You might have an MCP server that connects to your company's internal APIs. The skill is what tells the agent the right sequence of calls to make, which endpoints are reliable and which ones will silently return stale data on Tuesdays for reasons nobody can explain, and how to handle the edge cases that only someone with battle scars would know about.

MCP is the hands. Skills are the training. One without the other gives you either a knowledgeable person with no arms or a very strong person who doesn't know what they're doing. Both bad. Both common in enterprise software.

What This Means for the Rest of Us

The talk closes with an analogy I like. Models are like processors. Massive investment, immense potential, limited use on their own. Agent runtimes are like operating systems, orchestrating what goes in and out of the model. Skills are like applications. The layer where the rest of us get to contribute.

A few companies build processors and operating systems. Millions of developers build applications. Skills open that same application layer for agents. And here's the part that surprised me: non-technical people are already building skills. Finance, recruiting, accounting, legal. People who aren't writing code are extending what these agents can do in their own domains. The accountant down the hall is now an AI developer. She doesn't know it yet, but she's putting procedural knowledge into a folder, and that's all it takes.

That's a big deal. It means the shepherd metaphor from my last post might be too narrow. It's not just engineers directing agents. It's domain experts of every kind teaching agents how to do real work in their specific context. Welcome to the party, everyone. The water's weird in here.

The Part I'm Still Thinking About

Anthropic's stated goal is that Claude on day 30 of working with you should be meaningfully better than Claude on day one. Skills are the mechanism for that. As you work with the agent, as you give it feedback and correct its mistakes, those learnings can be captured as skills. The agent writes them down in a format its future self can use efficiently.

This is continuous learning without retraining. Just files in folders, accumulating institutional knowledge over time. Your team's skills grow. New people join and their Claude already knows how the team works. The compounding effect extends beyond your organization into the broader community, just like open source libraries compound the capability of individual developers.

If that sounds like "what if onboarding documentation actually worked," you're not wrong. We've been trying to capture institutional knowledge in wikis and Confluence pages for twenty years. It never worked because humans don't read documentation. Agents do. So maybe the fix for our broken knowledge management wasn't better wikis. It was building a colleague that actually reads them.

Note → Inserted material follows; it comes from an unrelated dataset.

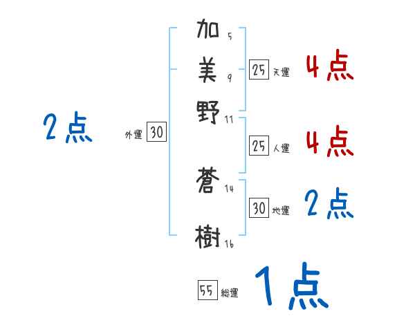 天運![]() | 加美野蒼樹さんの天運は25画の4つ星!個性があり才能があふれる。強運の持ち主で発展する。 家系が持つ宿命的な運勢を表します。祖先から受け継いだ苗字ですので自分の力が及びません。家柄を象徴します。 |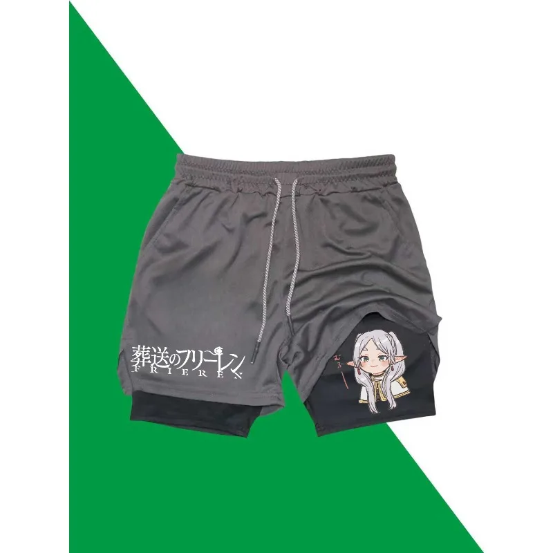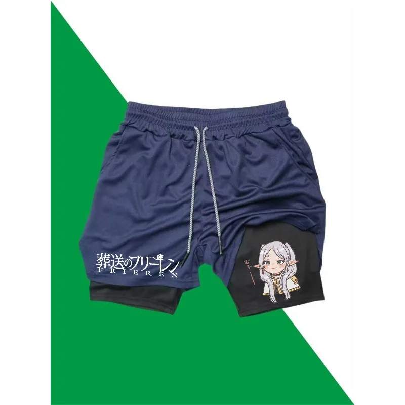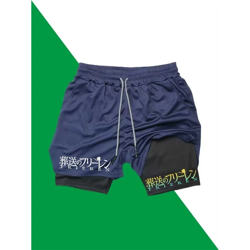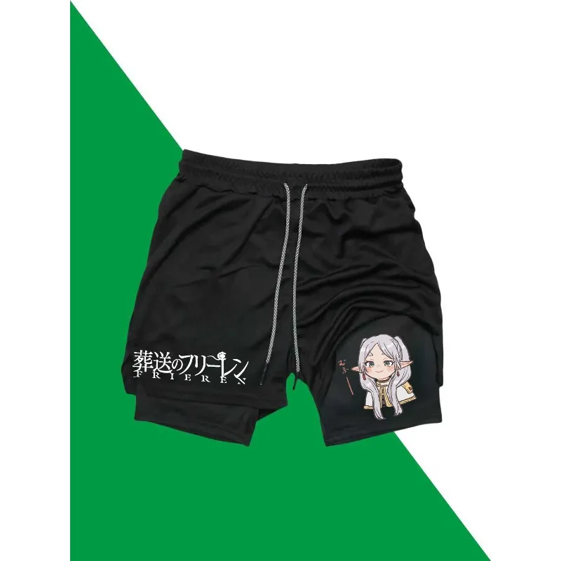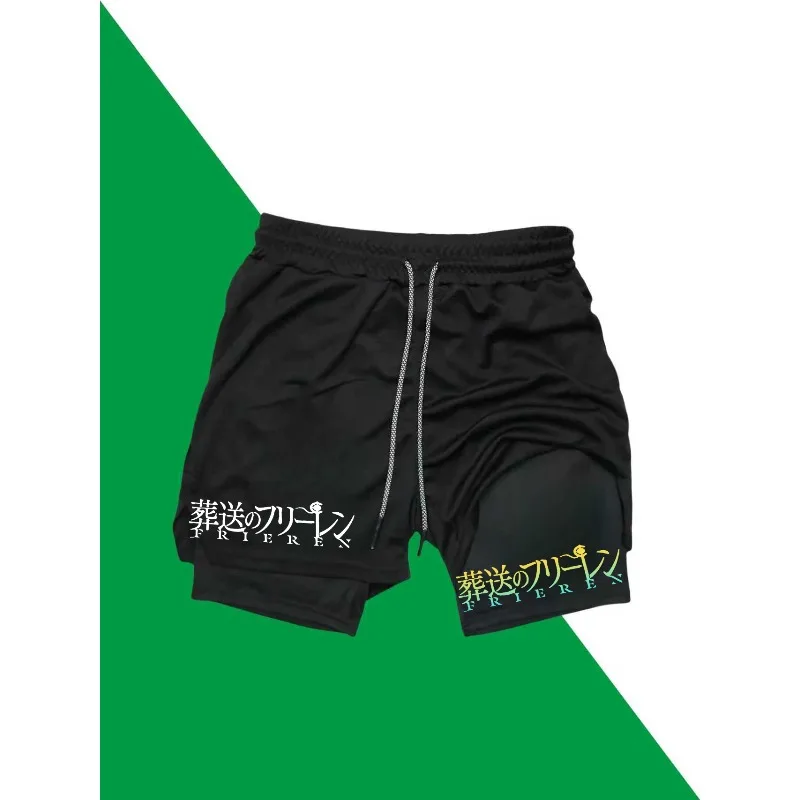 FrierenPrint 2in1 Running Workout Shorts Men Gym Performance Compression Shorts with Phone Pocket Towel

I don't know if the execution will match the vision. It's early. The talk is five weeks into this thing and already throwing around phrases like "evolving knowledge base" and "compounding value." Silicon Valley has never met a concept it couldn't overpromise on before lunch. But the direction feels right. The bottleneck was never the agent's intelligence. It was always its knowledge. Skills are a pragmatic, unsexy, folder-based solution to that problem.

And honestly, the best engineering solutions usually are.